■ Provided data:
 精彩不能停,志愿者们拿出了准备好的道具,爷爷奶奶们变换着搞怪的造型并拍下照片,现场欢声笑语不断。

---

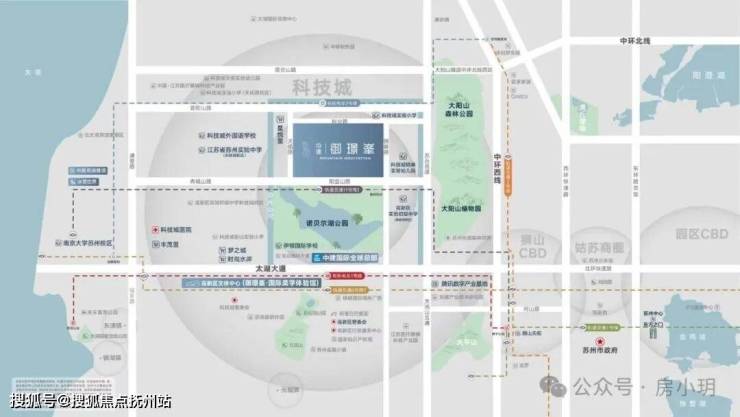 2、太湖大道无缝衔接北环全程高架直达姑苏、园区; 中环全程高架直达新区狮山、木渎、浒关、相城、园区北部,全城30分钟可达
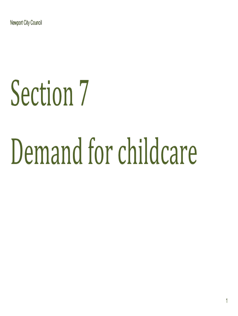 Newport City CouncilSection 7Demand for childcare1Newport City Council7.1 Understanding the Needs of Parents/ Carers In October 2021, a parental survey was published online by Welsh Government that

■ Your instructions: Using the entries above, extract exactly the lines from the one that contains "2、太湖大道无缝衔接北环全程" through the one that contains "Newport City CouncilSection". Do not carry over any pictures.

■ Your response:
 2、太湖大道无缝衔接北环全程高架直达姑苏、园区; 中环全程高架直达新区狮山、木渎、浒关、相城、园区北部,全城30分钟可达
 Newport City CouncilSection 7Demand for childcare1Newport City Council7.1 Understanding the Needs of Parents/ Carers In October 2021, a parental survey was published online by Welsh Government that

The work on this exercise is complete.